1 Mario Praz, Storia della letteratura inglese, Firenze, Sansoni, 1965, pag. 706.

2 In David Daiches, A critical history of English literature, volume three ,London,Secker & Warburg, 1969, pag.618.Trad.: “Gli houyhnhnms, creature senza storia, continuano generazione dopo generazione a vivere prudentemente, mantenendo la popolazione sempre all’identico livello, sottraendosi a tutte le passioni, non soffrendo alcuna malattia, andando con indifferenza incontro alla morte, educando le nuove generazioni agli stessi principi; e tutto per che cosa? Affinchè lo stesso processo possa continuare indefinitivamente”.

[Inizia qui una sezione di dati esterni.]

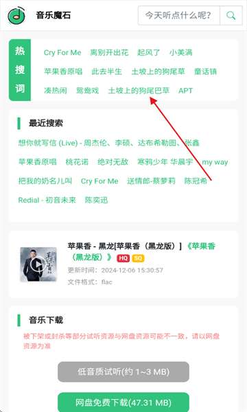 1、在软件主页上,您可以根据热门搜索关键字过滤您最喜欢的歌曲内容。
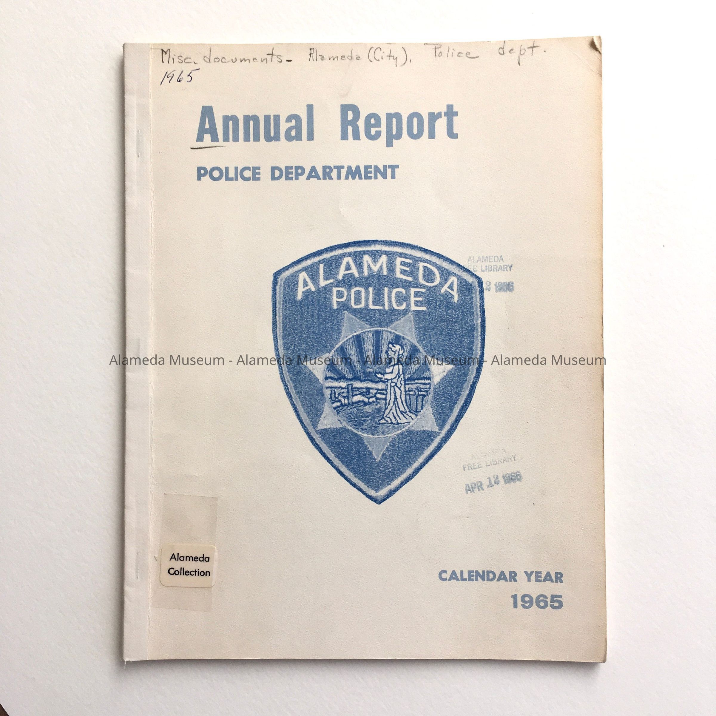 History of Object: Alameda City Police Department Annual Report for the 1965 calendar year. Prepared by City Manager, H. D. Weller, and Chief of Police, William A. Tulloh. Report includes information about crimes, staffing and services, and other police matters. In the introduction is mentioned that a number of officers attended the Oakland Police Academy.
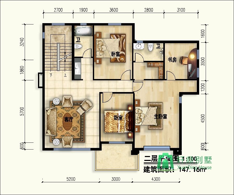 二層:客廳、臥室(帶陽臺(tái))、臥室、衛(wèi)生間、臥室(帶更衣室、衛(wèi)生間、書房)。
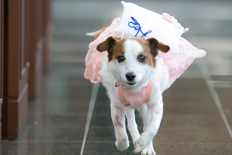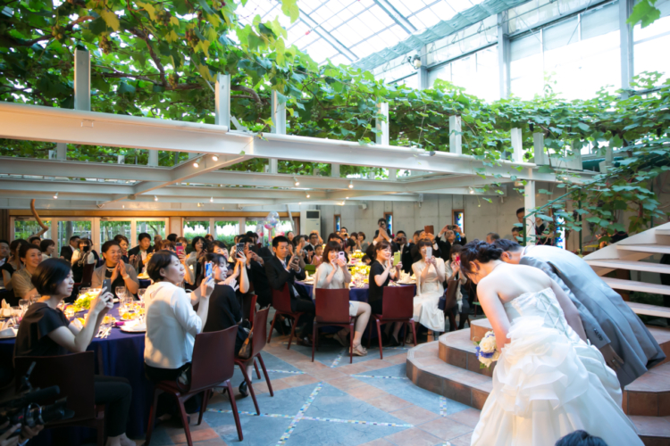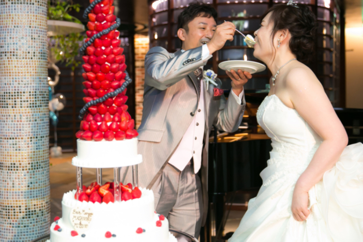ゲストの皆様にあまり負担にならないようにと会費制に。 また、披露宴での演出は少なくし、大切なゲストの皆様と肩ひじ張らずにゆったりと楽しめる歓談中心のパーティーにしました。 ウエディングケーキはずっと気になっていた“苺のクロカンブッシュ”を。 大きくて豪華で、登場シーンは盛り上がりました。 挙式はゲストの皆様に参加して頂いてブーケセレモニーをしたり、絶対にやりたかったリングドッグを行ったり…と、皆さんに楽しんでもらえるような内容にしました。
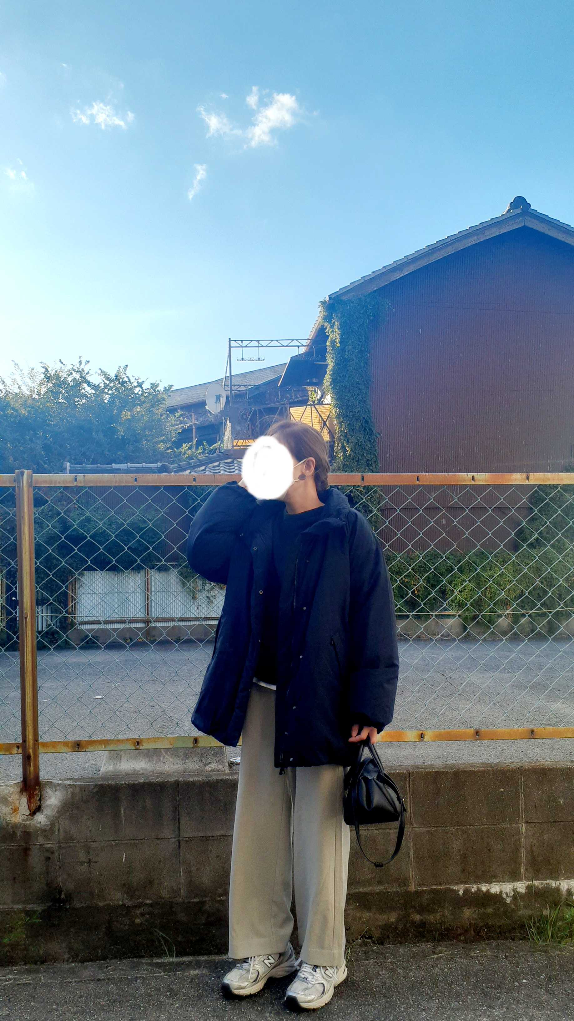 ボリュームがあるダウンなのでタイトスカートと合わせるとスッキリ✨
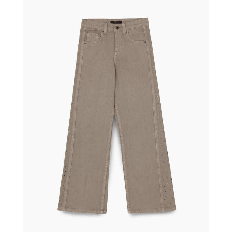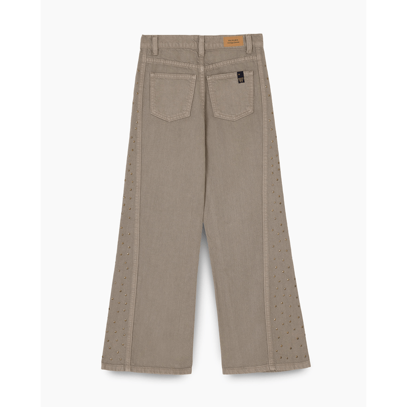 El Pantalón Dalia es un ítem de tendencia total. Confeccionado en gabardina de puro algodón, destaca por su recorte lateral íntegramente decorado con tachas aplicadas que aportan un brillo único.
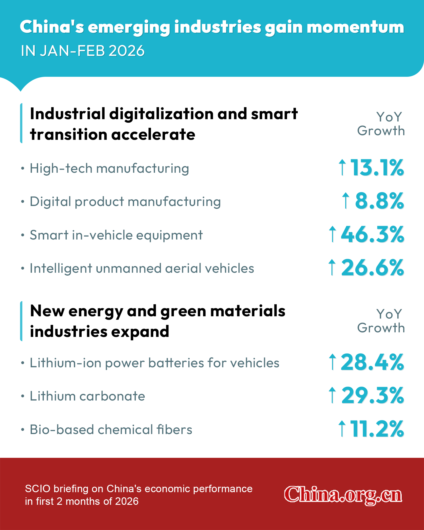 China's emerging industries expanded rapidly in the first two months of 2026, with high-tech manufacturing and smart equipment production recording robust growth as demand for intelligent products continues to rise, an official with the National Bureau of Statistics said at a Monday press conference.
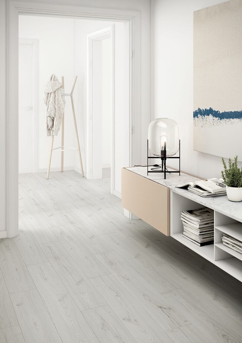 O pavimento flutuante laminado 8AK Albar Kalas Oak apresenta um padrão característico de carvalho branco com fendas e nós, desenvolvido para conferir naturalidade e luminosidade a qualquer espaço. A sincronização entre a textura do pavimento e o padrão da madeira reforça o realismo da superfície e acrescenta profundidade visual ao design. Ideal para projetos que valorizam ambientes claros, autenticidade e rigor técnico.

3 “Il futuro è già cominciato”, Panorama, anno XXII, n. 925, del 9/1/1984, pag.89.

4 In italiano: Edward Bulwer-Lytton, La razza ventura, Carmagnola (TO), Edizioni Arktos, 1980, pag. 228.

5 Riportato in Stefano Manferlotti, Orwell, Firenze, Il Castoro, La Nuova Italia, Maggio 1979, pag.27.

6 Ferdinando Castelli S.I., “L’anno ‘1984’ visto da George Orwell (profezia, intuizione, parodia)”, in La civiltà cattolica, quindicinale, anno 135, n. 3205, del7/1/1984, pag. 24-25.